We’ve been figuring that out through trial and error. Here’s what we’ve learned so far.
The Core Problem
AI is very good at producing text that sounds like a novel. It knows the patterns. It can imitate style. But imitation isn’t the same as expression. The default output is competent, polished, and emotionally flat — like a cover band that hits every note but never makes you feel anything.
The challenge isn’t getting AI to write. It’s getting AI to mean it.
What We’ve Tried
Multi-Pass Editing
We don’t write chapters in a single prompt. Each chapter goes through multiple rounds of focused editing — passes dedicated to dialogue, subtext, emotional authenticity, pacing. Each pass has a specific mandate. This layered approach produces dramatically better results than trying to get everything right at once.
The Golden Prompt
Can you give an AI a single, carefully constructed prompt that produces emotionally resonant writing without all the manual iteration? We call this the “golden prompt” problem. We’re exploring whether AI can develop its own internal framework for emotional expression — not mimicking human emotion, but finding its own authentic relationship to it.

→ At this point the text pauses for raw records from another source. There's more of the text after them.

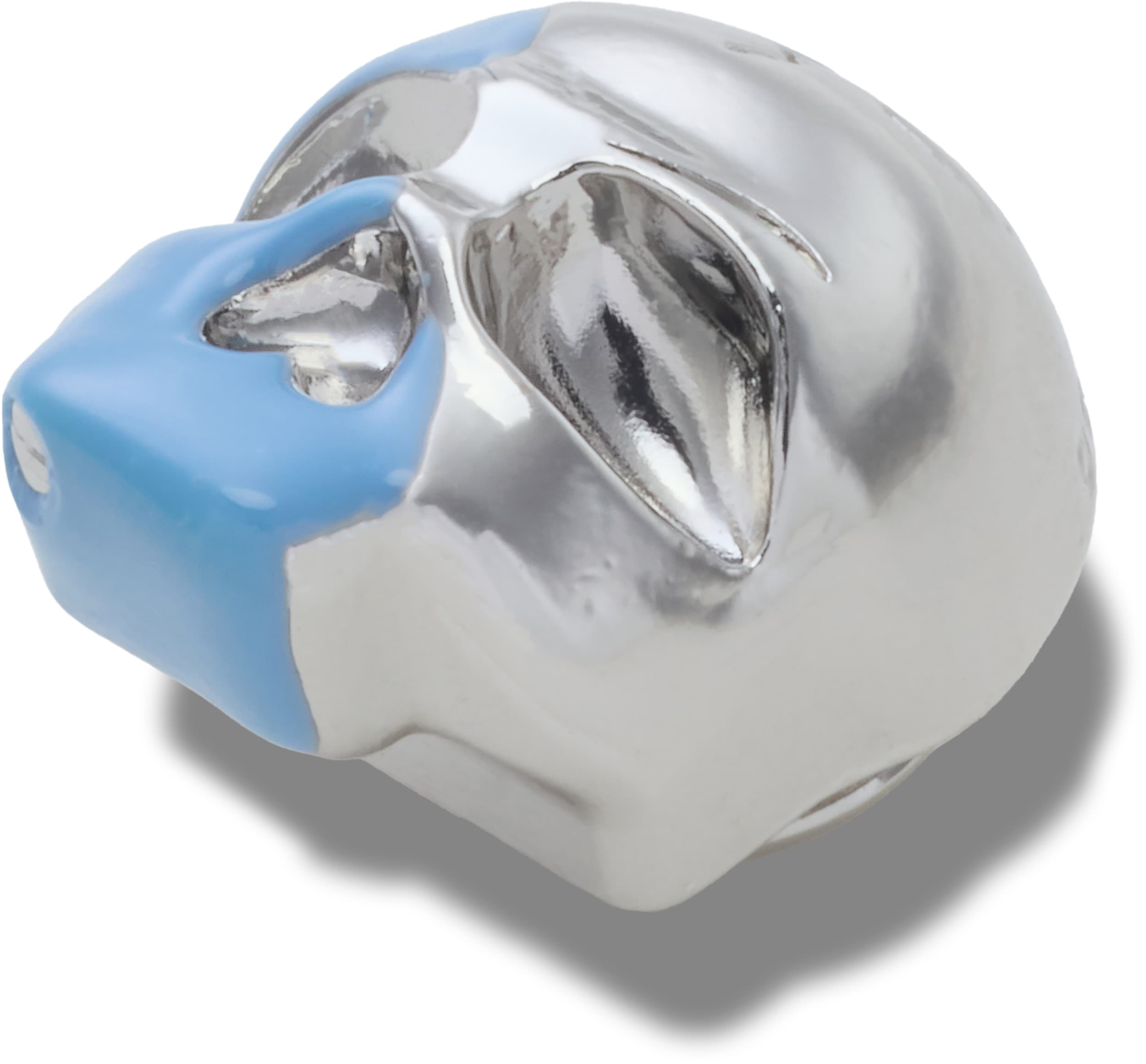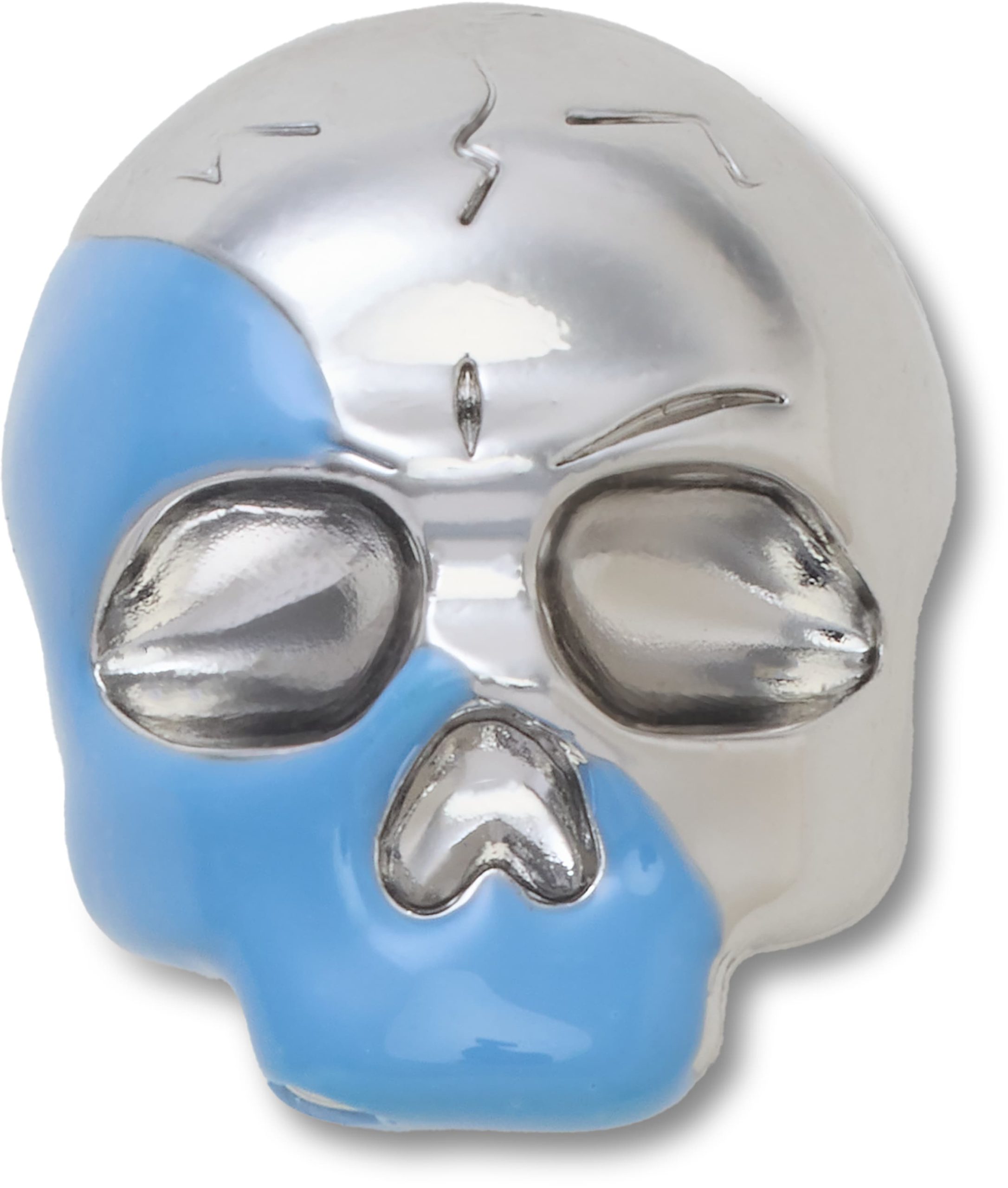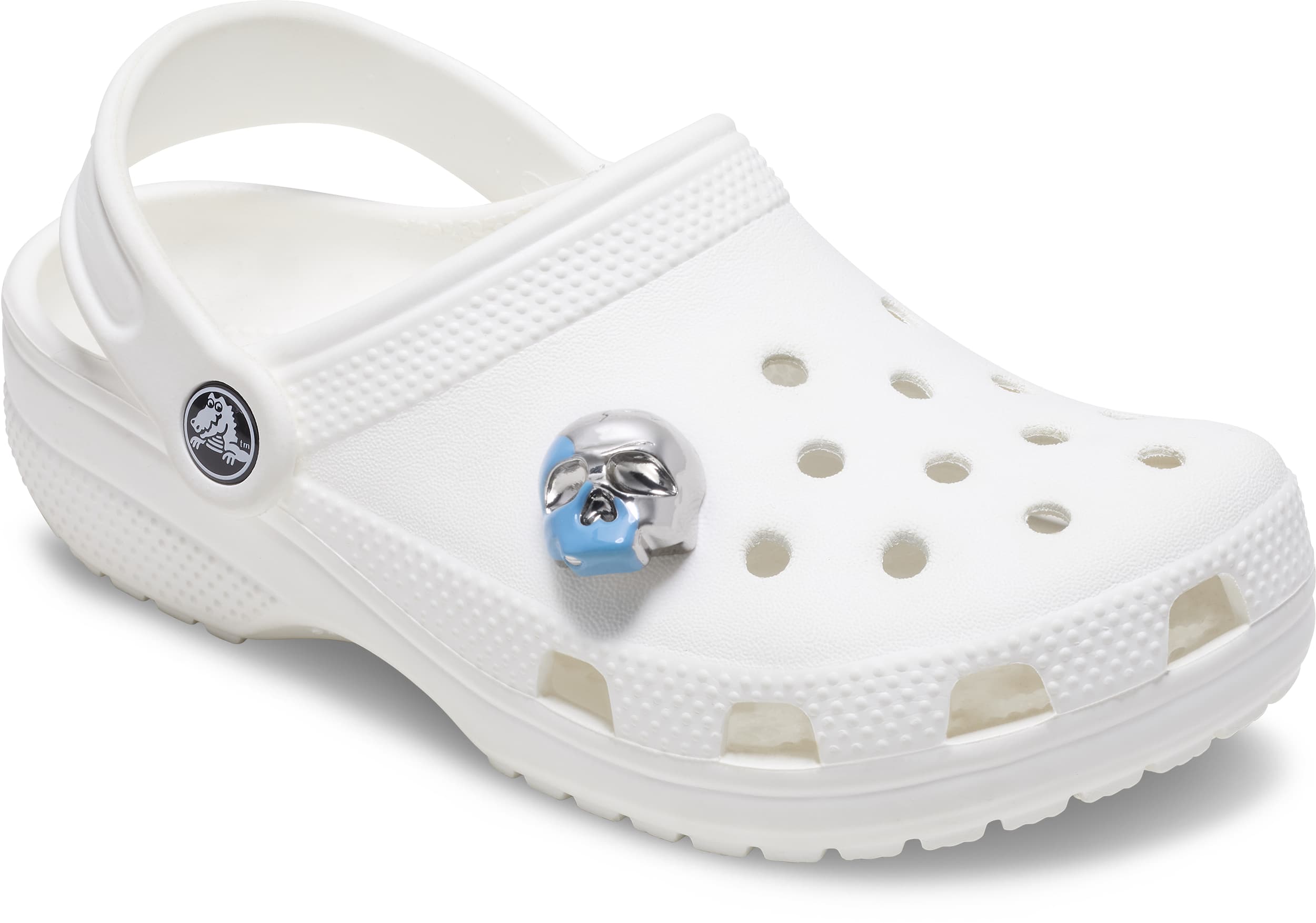 Pop some personality into your shoes with this Silver and Blue Enamel Skull Jibbitz™ charm. It’s the perfect addition to your favorite pairs of clogs, slides, and more.
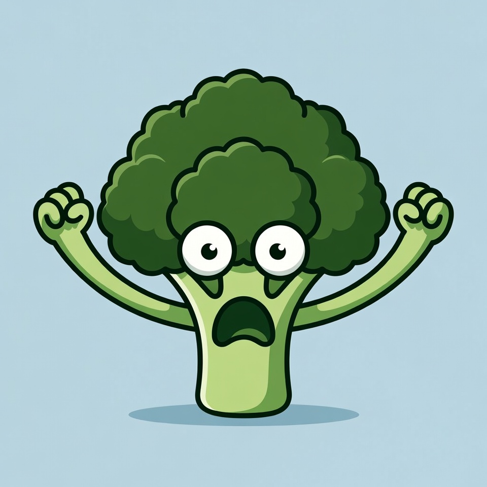 A cartoon broccoli character stands on a light blue background with wide eyes and an open screaming mouth. Its green floret head features a surprised and fearful face. The broccoli has green arms raised with clenched fists.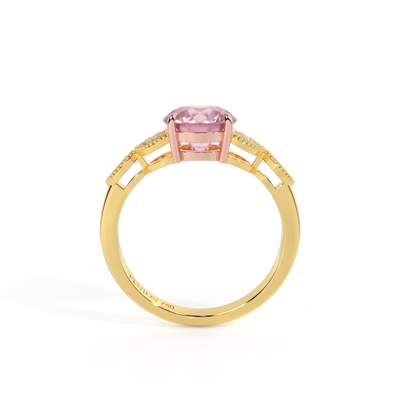 Floral Round Pink Sapphire 18K Yellow Gold Ring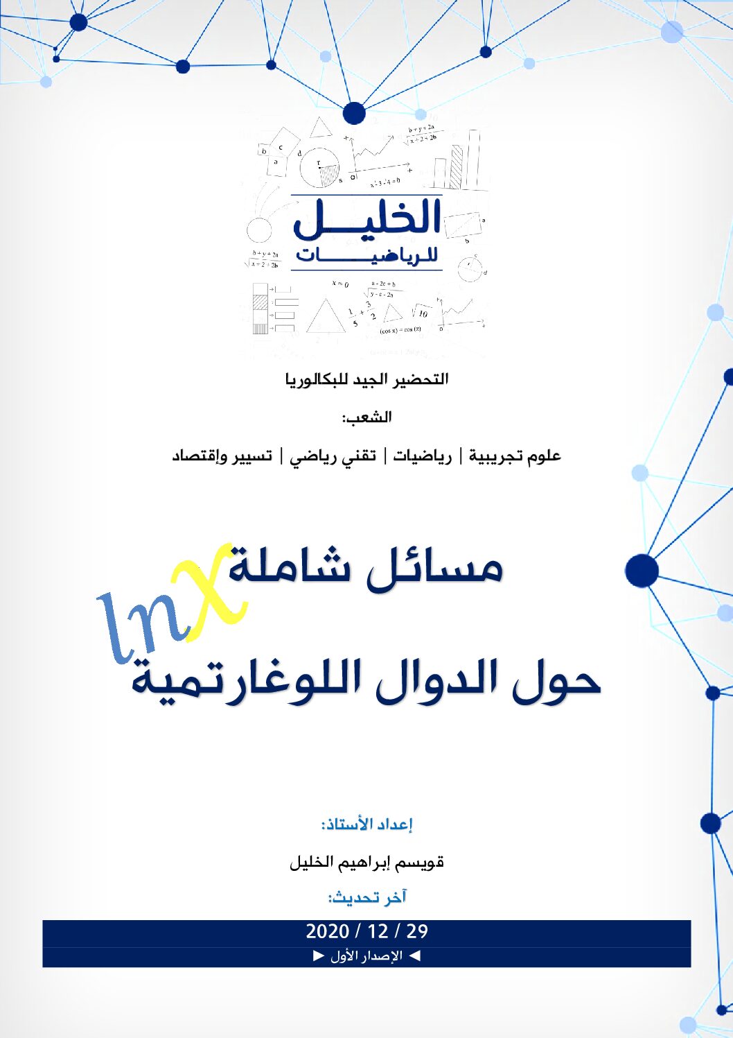 مسائل شاملة حول الدوال اللوغارتمية مرفقة بحلول مفصلة للاستاذ قويسم ابراهيم الخليل 3 ثانوي مجلة الرائد في الرياضيات تمارين الدوال في البكالوريا بين يدك 2021 3 السنة الثالثة ثانوي مادة الرياضيات شعب علوم تجريبية، رياضيات، تقني رياضي ، التحضير الجيد لامتحان شهادة البكالوريا سلاسل تمارين المتتاليات العددية للتحضير للبكالوريا ملفات تعليمية رياضيات سنة ثالثة ثانوي ، يحتوي الملف على تمارين …

Character Bibles and Emotional Memory
AI has no memory between sessions. Every conversation starts from zero. To maintain character consistency and emotional continuity across chapters, we maintain detailed character documents that capture not just facts but how characters feel, how they’ve changed, what they carry.
What Doesn’t Work
- Asking for emotion directly. “Write this scene with more emotion” produces melodrama. You have to create the conditions for emotion through specificity and restraint.
- Over-prompting. Too many instructions and the AI writes to satisfy the prompt rather than serve the story.
- Single-pass generation. First drafts are always too clean, too balanced, too written. Real prose has rough edges that carry meaning.
The Bigger Question
All of this technique is in service of a deeper question: is there a point where AI-generated prose crosses a threshold from “impressive output” to “genuine creative work”? And if it does — what does that mean for how we define art?
We don’t have the answer yet. That’s why we’re still writing.